Насколько велико напряжение, делающее упомянутых авторов способными на такое поразительное влияние, демонстрирует прямо-таки гротескный стиль письма, которое Исидор Дюкасс отправляет своему отцу 23 октября 1869 года, чтобы растолковать ему смысл своей поэзии. Там он ставит себя в один ряд с Мицкевичем, Мильтоном, Саути, Альфредом де Мюссе, Бодлером и говорит: “Разумеется, я несколько полнее взял тон, чтобы ввести в эту литературу, которая воспевает лишь отчаяние, нечто новое, дабы принизить читателя, чтобы тем сильнее он жаждал добра как спасительного средства. То есть, в конце концов, воспевается всегда лишь добро, только вот метод мой философичнее и не столь наивен, как у старой школы, от которой остались лишь Виктор Гюго и немногие другие”. Но если эрратическая [25] книга Лотреамона вообще связана с чем-либо, тем более если ее можно с чем-либо связывать, то эта связь будет основываться на революционном мятеже. Поэтому понятна и сама по себе отнюдь не легкомысленна попытка Супо написать политическую vita Исидора Дюкасса, предпринятая им в 1927 году в его издании полного собрания сочинений. Но о политической биографии Дюкасса, к сожалению, не осталось документальных свидетельств, а приведенные Супо основывались на путанице. К счастью, соответствующая попытка удалась в случае с Рембо, и то, что его истинный образ был спасен от католической узурпации Клоделя и Берришона [26], — это заслуга Марселя Кулона. Да, разумеется, Рембо католик, но, согласно его собственным представлениям о себе, в самой ничтожной своей части, на которую он неустанно доносит, неустанно выдает своей и чьей угодно ненависти, своему и чьему угодно презрению: части, которая заставляет его признаться в непонимании революционного бунта. Но это признание неудовлетворенного собой коммунара, а к тому времени, когда он отвернулся от поэзии, Рембо уже давно распрощался с религией, еще в своих самых ранних поэтических произведениях. “Ненависть, тебе доверил я свое сокровище”, — пишет он в “Saison en Enfer”[27]. И если поэтика сюрреализма могла бы дотянуться до этой формулы, она пустила бы корни даже глубже, чем та теория “surprise”, неожиданного творческого порыва, которая берет начало у Аполлинера, она дошла бы до глубины мыслей По.
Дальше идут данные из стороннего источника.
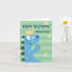 Una tarjeta de cumpleaños linda con un tema del dinosaurio, características del este diseño un dinosaurio azul grande de T-Rex que lleva una corona del cumpleaños. Un fondo de rayas verdes y confeti y las estrellas amarillos añade color y la diversión al diseño. Personalice con el nombre de su niño. El texto interior se puede también personalizar con su fraseología deseada.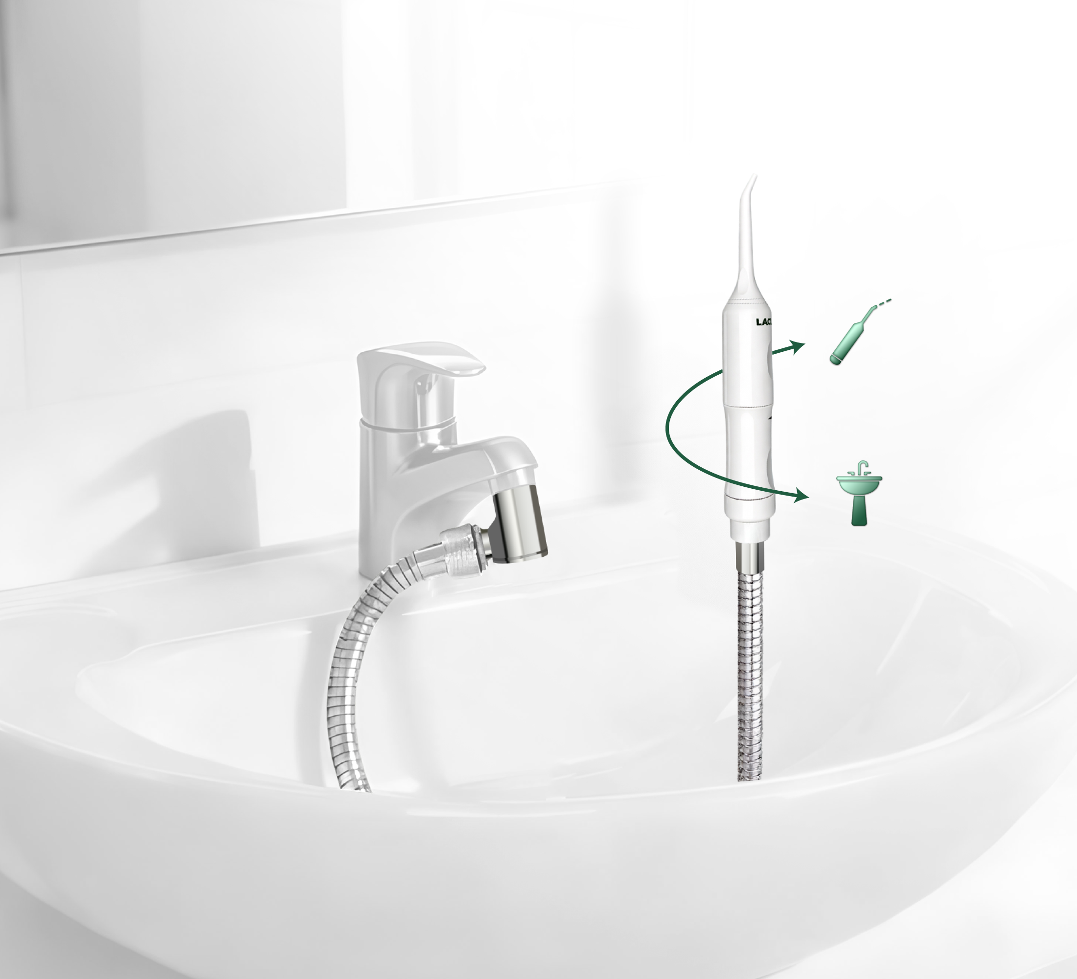 Beznabíjecí a beznádržková ústní sprcha Laclever® Vám zaručí bezhlučnou péči o Váš úsměv z pohodlí domova.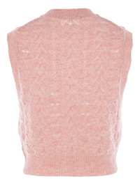 600071639PNK00S / 3.25KNI53003 BRISA/00/SOFT PIN - Mock turtleneck collar - Sleeveless design - All-over lace stitch pattern - Ribbed collar and hem - Soft knit construction - Relaxed fit Cecilie Bahnsen Lace Stitch Vest delivers romantic femininity with contemporary sculptural design. Crafted from soft knit fabric in dusty rose pink, featuring an intricate lace stitch pattern throughout and ribbed mock neckline. The sleeveless silhouette and signature feminine aesthetic create an elegant layering piece for modern wardrobes.
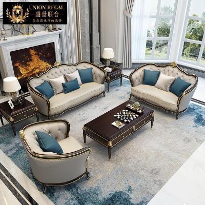森美人欧式沙发实木简约大户型客厅皮艺沙发组合美式沙发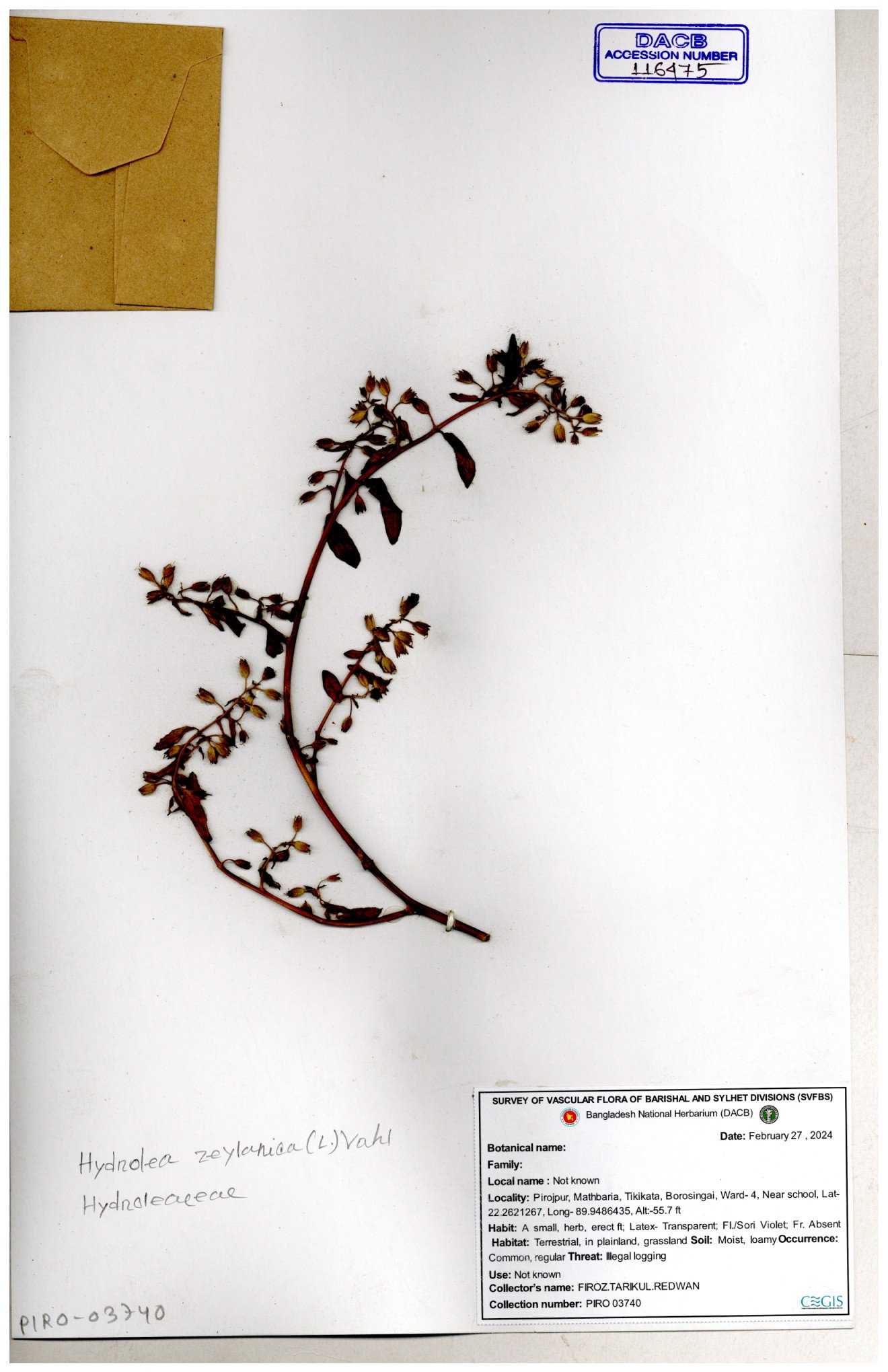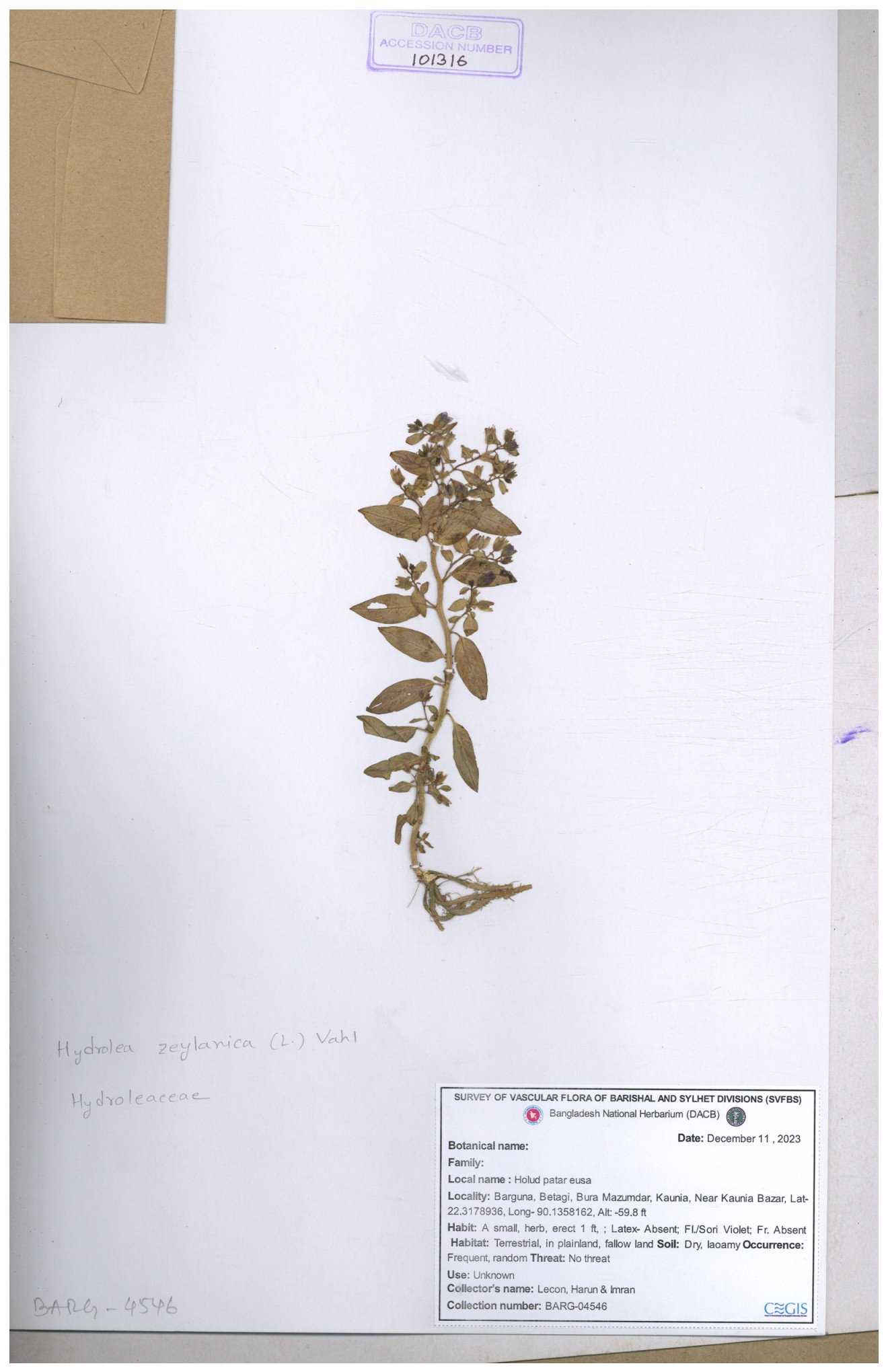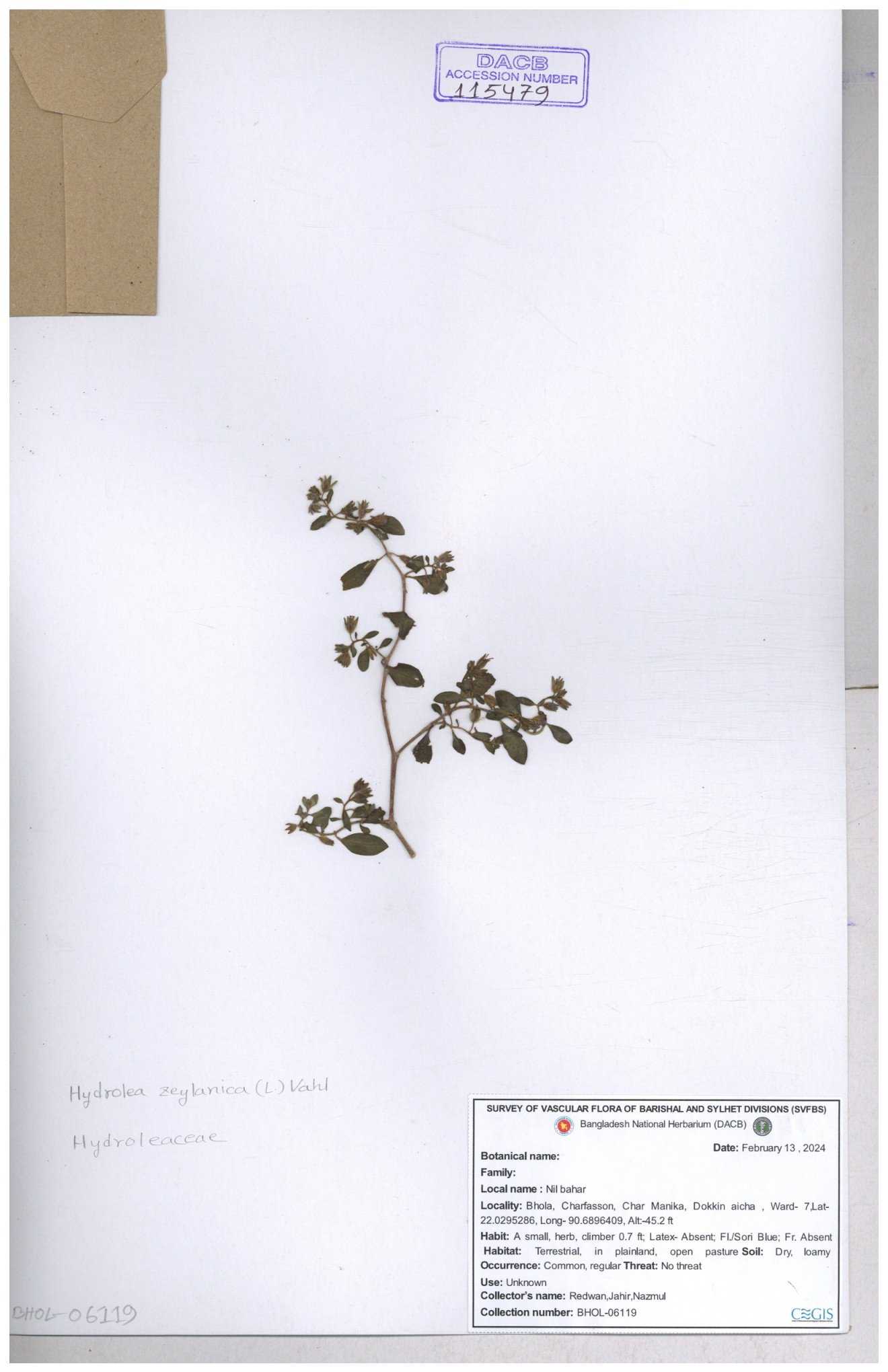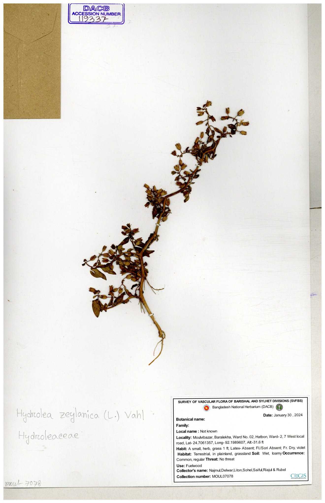 | 119336 | Hydroleaceae | Hydrolea zeylanica | 30-11--0001 |

После Бакунина в Европе больше не было радикального понимания свободы. У сюрреалистов оно есть. Они первые из тех, кто окончательно разделался с закосневшим либерально-гуманистическим идеалом свободы, поскольку для них не подлежит сомнению то, что “свободой, которая на этой земле может быть обретена лишь ценою тысяч жесточайших жертв, неограниченной свободой, надо наслаждаться в ее полноте и без всяких прагматических расчетов, до тех пор, пока она не кончится”. И это для них доказательство того, “что борьба за освобождение человечества в ее самой скромной революционной форме (которая все же, в любом случае, есть именно освобождение) остается единственным делом, которому стоит служить”. Но удается ли им слить воедино этот опыт свободы с иным, революционным, опытом, наличие которого нам все же придется признать: с конструктивным и диктаторским в революции, или, короче, — связать бунт [Revolte] с революцией? Как можем мы себе представить наличное бытие, ориентированное исключительно лишь на бульвар Bonne-Nouvelle, в пространствах Ле Корбюзье и Уда? [28]
Перевести мощь опьянения на службу революции — вот вокруг чего вращается сюрреализм во всех книгах и в своей деятельности. Это можно было бы назвать его важнейшей задачей. То, что каждый революционный акт, как мы знаем, отчасти совершается с упоением, ничего не дает для ее решения. Эта часть революционного порыва тождественна анархизму. Сосредоточиться исключительно на ней значило бы полностью пренебречь методической и дисциплинированной подготовкой революции в пользу некоей практики, колеблющейся между тренировкой и предпраздничной эйфорией. Сюда же примыкает чересчур кратко сформулированное недиалектическое воззрение на саму сущность опьянения. Эстетика peintre, poПte “en Оtat de surprise” [29], искусства как реакции изумленного — находится во власти особых, роковых романтических предрассудков. Любое серьезное исследование оккультных, сюрреалистических, фантасмагорических способностей и феноменов имеет предпосылкой такое диалектическое переплетение, которое никогда никакой романтик не освоит. Дело в том, что мы не подвинемся ни на шаг, если будем патетически или фанатически подчеркивать загадочную сторону в загадочном; более того, мы проникнем в эту тайну лишь в той степени, в какой мы обретаем ее в повседневном, в силу некой диалектической оптики, которая опознает повседневное как непроницаемое, а непроницаемое как повседневное. Самое увлеченное исследование феноменов телепатии, например, не даст нам и половины тех знаний о чтении (которое есть совершенно телепатический процесс), которые мирское озарение чтения даст нам о феноменах телепатии. Иными словами: самое страстное исследование опьянения от гашиша не даст нам и половины тех знаний о мышлении (которое есть совершенный наркотик), которые мирское озарение мышления даст нам об опьянении от гашиша. Читатель, мыслящий, ожидающий, фланер — такие же озаренные, как и курильщик опиума, мечтатель или опьяненный. И еще более мирские. Не говоря уже о самом страшном наркотике — о нас самих, — который мы вкушаем в одиночестве.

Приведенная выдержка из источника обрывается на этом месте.